Слов нет, поругаться не мешает, но до известных пределов, для того чтобы этим не закрывался самый предмет.
О самом этом предмете на днях я беседовал с биржевым маклером, человеком, переносящим всякое время, как оно есть. Высказываю ему свои общие соображения. Коренную причину беды нашей я вижу в том, что народ наш (не говорю о причинах этого) не любит и чуждается власти: какой-нибудь продувной писарь или старшина, вертит по-своему целой волостью, а мужики очень рады, что вот нашелся такой человек на дурное и необходимое дело; в то же самое время народ мечтает о власти справедливой,
– Новые элементы, – перебил меня маклер, – никакого значения не имеют.
И объясняет мне, что копейка, собранная у верующих крестьян, во много раз превосходит сделанное «элементами», победа сложится из этого, а не из того, что делают и хотят еще больше делать «элементы».
В нашем рассуждении получается порочный круг: беда существует, причина – пассивность, а деятельность вредна.
– Как же быть?
Долгое молчание и, наконец:
– Терпение!
Потом вдруг маклер перекидывает мост на время после победы.
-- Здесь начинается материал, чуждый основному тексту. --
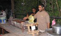 يغز اللحم المتبل والمملح في أسياخ معدنية ويوضع بينها بعض البصلات الصغيرة وحبات الطماطم الصغيرة وقطع من اللية (ألية الخروف) وتوضع فوق الفحم المتقد إلى ان تستوي.
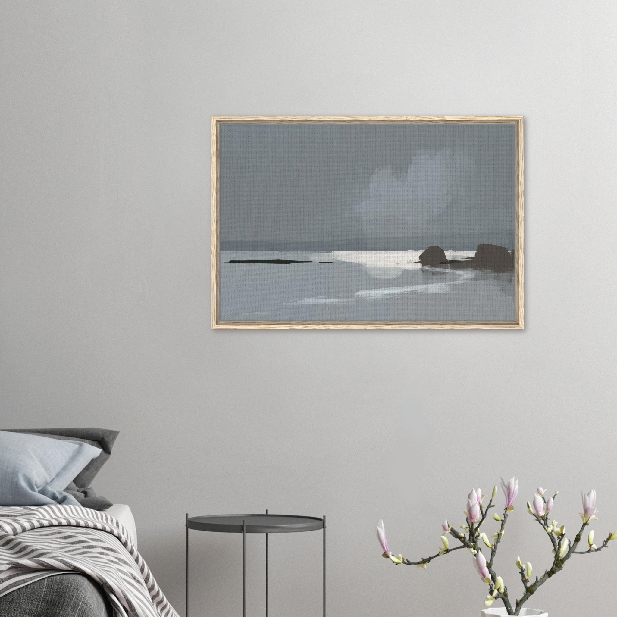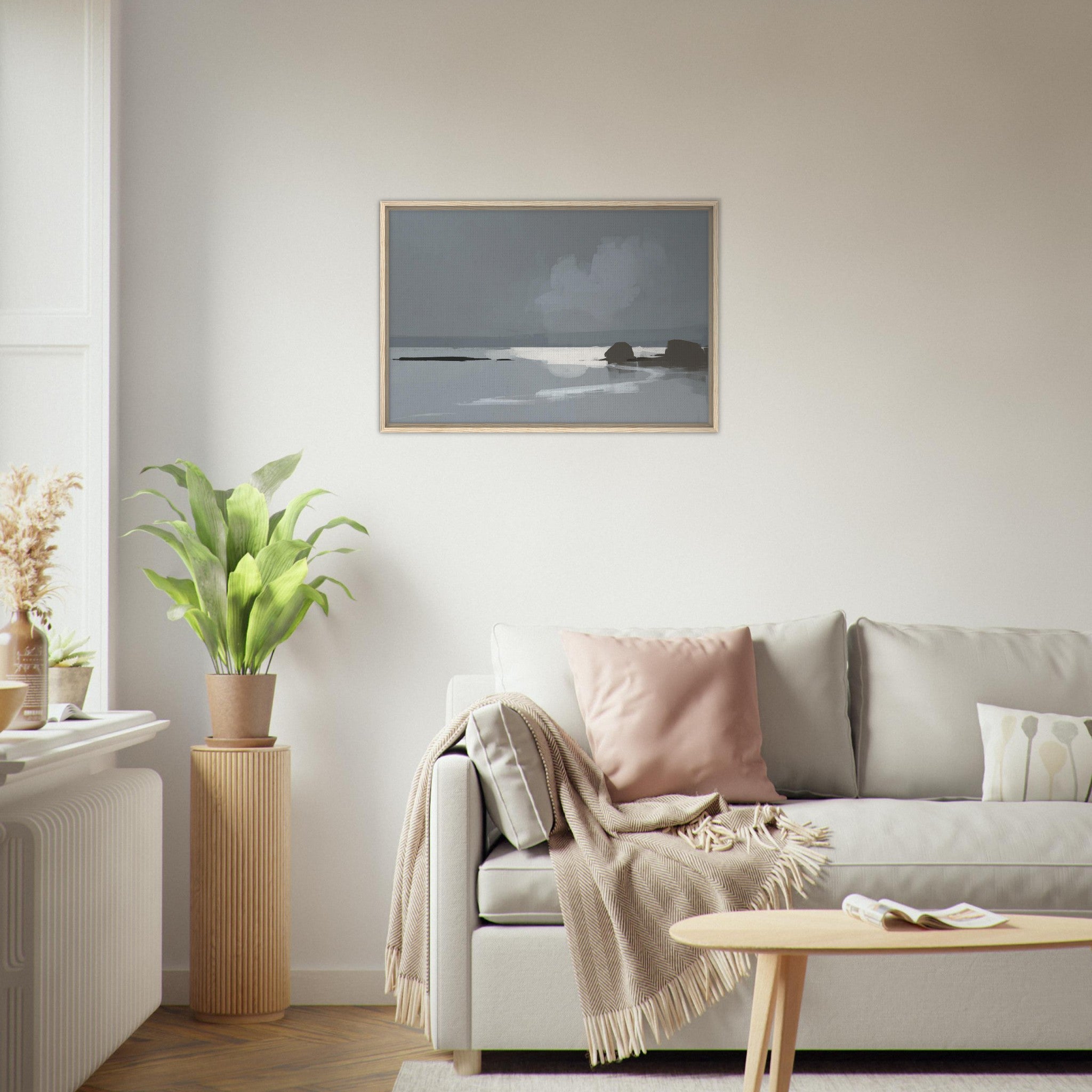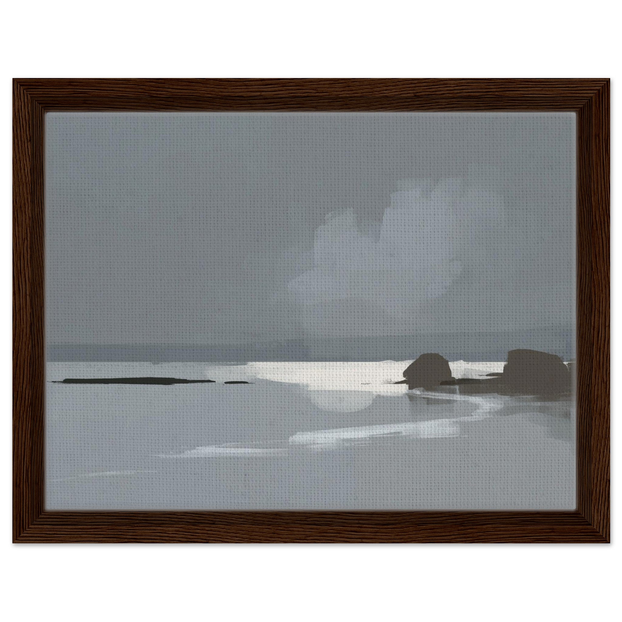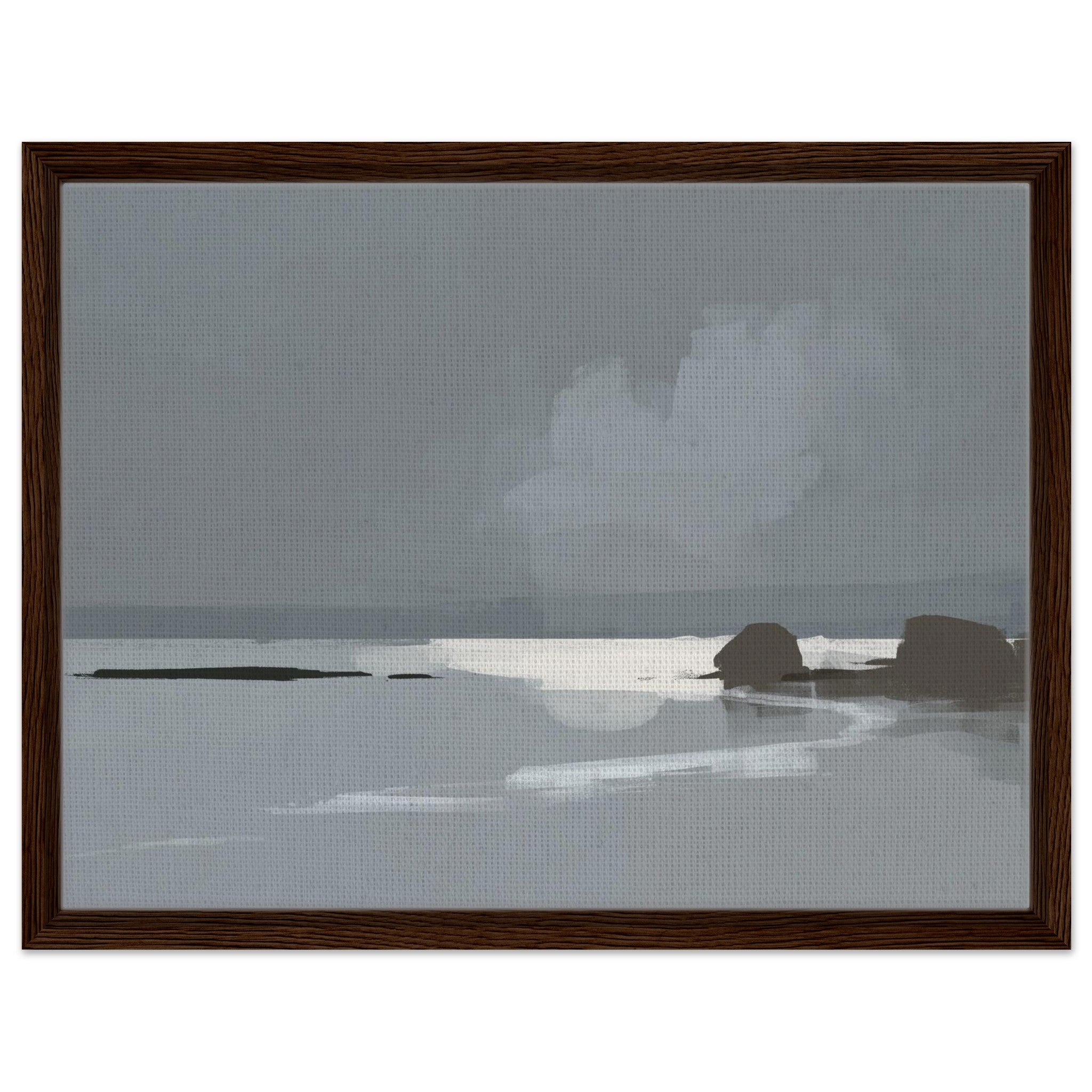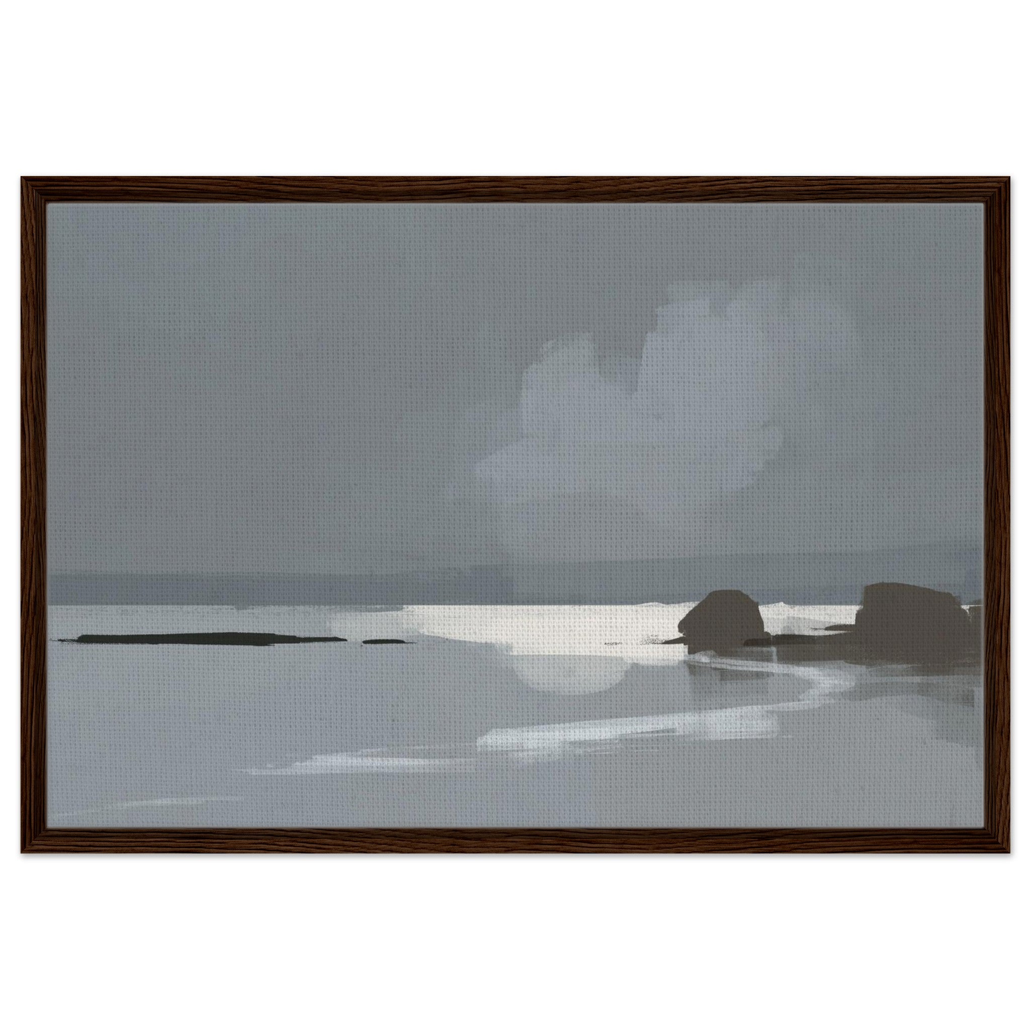 Das Calm Shore Leinwandbild zeigt eine ruhige Küstenlandschaft in sanften Grau- und Blautönen. Licht spiegelt sich im Wasser, während weiche Wolken und dunkle Felsen den Blick auf den Horizont lenken. Die Szene wirkt minimalistisch und bringt sofort eine entspannte Stimmung in den Raum.

Не узнать его! Представляя себе счастливое время, он клеймит народную темноту и всех, кто ей в прежнее время способствовал, зло критикует весь нынешний строй, все наши порядки.
Перекинул фантастический мост в послепобедное время и стал совсем другим человеком.
Будь я маклером и вообще практическим человеком, я сказал бы просто, немцы сильны своей организацией, сделаемтесь в этом так же сильны, а потому что мы русские и за нами правда, то непременно победим. Но если я так скажу, то маклер назовет меня человеком, далеким от жизни, доктринером, а свою фантазию он принимает за жизнь.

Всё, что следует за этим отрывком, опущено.